My LED bulbs I bought back in the day, are on 24x7 as safety lights just inside my front door. Just enough light to see what's going on and about a watt or so of power between the three of them.
I don't know what kind of electric power you have that burns out CFLs in the same time frame as an incandescent, but I've been using them for 20 years and don't have the same experiences. Instead, I've saved heat in my house and saved on my monthly bill and not had to regularly replace the incandescent bulbs, like I used to have to do back in the day.
@robo I'm not sure what bulbs you are using, but they do in fact last far longer than incandescent. I've had the same LED bulbs in a few fixtures in my house for the last 3.5 years. The incandescents would last less than 6 months. As for paying for it, do some simple math. at $.12/kWh, these bulbs would pay for themselves in under 1000 hours (roughly the life span of an incandescent, or 2% of the estimated LED lifespan). That's only a few months of daily use.
>The bulb will be available at The Home Depot stores from the beginning of May in a two-for-one pack for the first 90 days
I was actually at Home depot a couple days ago and happened to spot these. They were under $5 for a 2 pack which is incredibly cheap for LED. That's pretty much what CFL's cost which need to be replaced more often and use 13 watts rather than 8.5.
They aren't dimmable but I can live with that. I've had lots of CFL's burn out too quickly because being turned on and off often significantly shortens their lifespan below the 8 year projection but the LED's I've installed have so far been reliable.
At 12 cents/kWh if you left a light on 24 hours a day a 8.5 watt LED would be about $55 cheaper/year than a 60w incandescent and about $4.50 cheaper than a 13 watt CFL.
LED's are now the cheapest lights to install and its getting to the point where they would be cheaper even if electricity were free because they don't have to be replaced as often. The first LED's I bought in 2012 or 2013 were $20-$25 each and only around the same efficiency as CFL but the new ones have improved significantly.
They are also more durable against breaks than CFL and don't contain mercury.
when they make a 100 watt equivalent for under five bucks, that will be something worthy of a press release. At my local home depot they are selling the 8.5 watt LED "lollipop" style for $3.00 because no one is buying them.

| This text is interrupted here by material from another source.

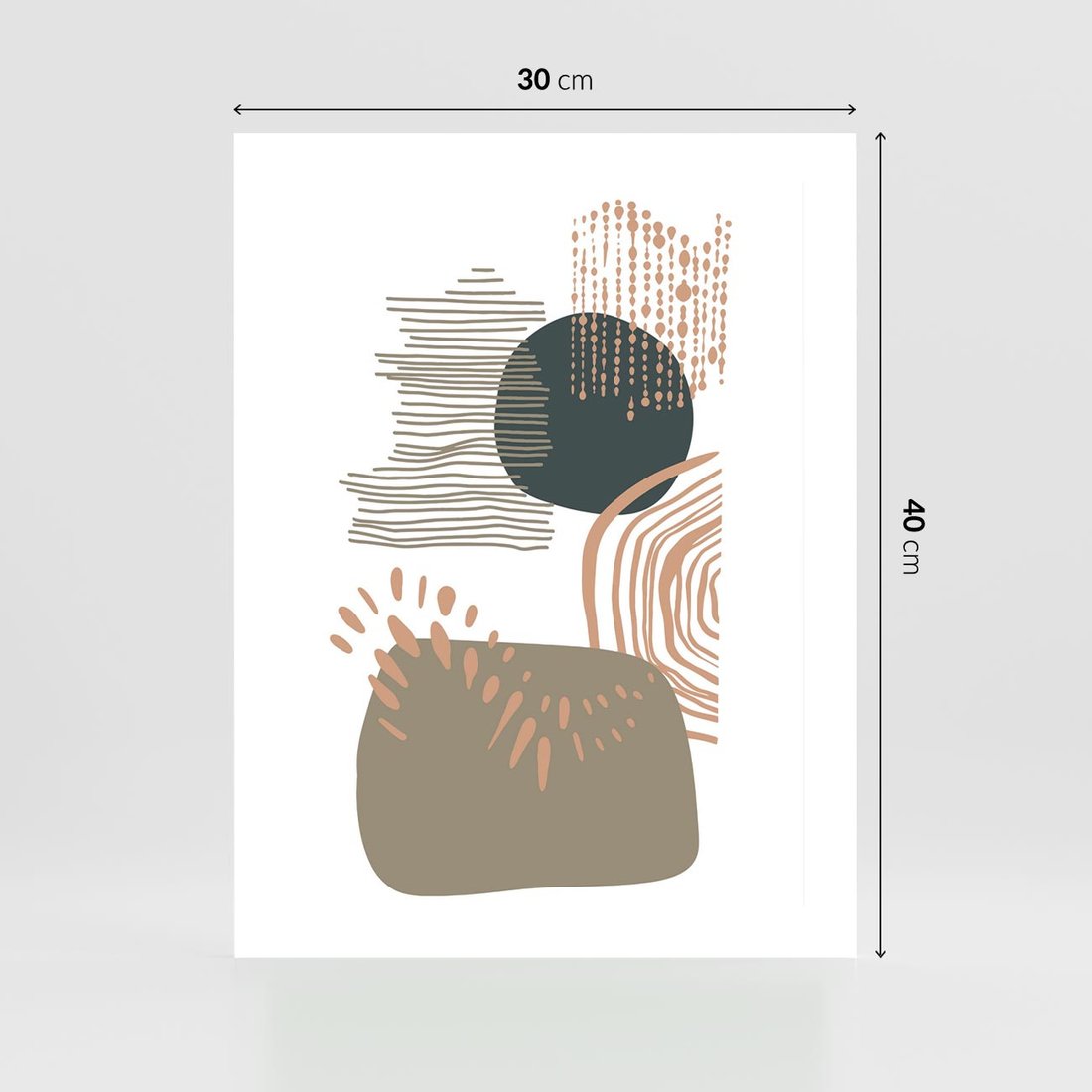 Ta abstrakcyjna kompozycja składa się z delikatnych kropek, kresek i kółek w spokojnych odcieniach brązu i beżu. Jej minimalistyczny charakter przynosi uczucie harmonii i spokoju, doskonale pasując do każdego wnętrza.

Robo - stop spreading misinformation. LED bulbs are superior in every way. Much cheaper to operate, much lower energy consumption, dimmable, color temperature choices, heat/cold resistant, very long life, shock resistant, no mercury, and we're past first generation issues. Those are the facts.
Rob Preece
I can't believe the negative comments. I've moved to LED lighting. Light is fine. Electric bill is dramatically lower. I can't say whether I'm getting my ten year use because it hasn't been ten years but definitely better life than old-fashioned 'use in your kiddie oven' incandescent bulbs. Plus, if you life in a part of the world where air conditioning is a problem, you'll save even more on your electric bill. Many of us also have fixtures that are hard to reach--how great to have a long-lasting bulb rather than try to find a long ladder or (as I did for years) simply refuse to use some lighting because I didn't know how I would replace the bulbs when they blew out.
LEDs are great and $5 is a great price although I've been paying this lor less thanks to electric company rebates already. Wonder if these will be even cheaper???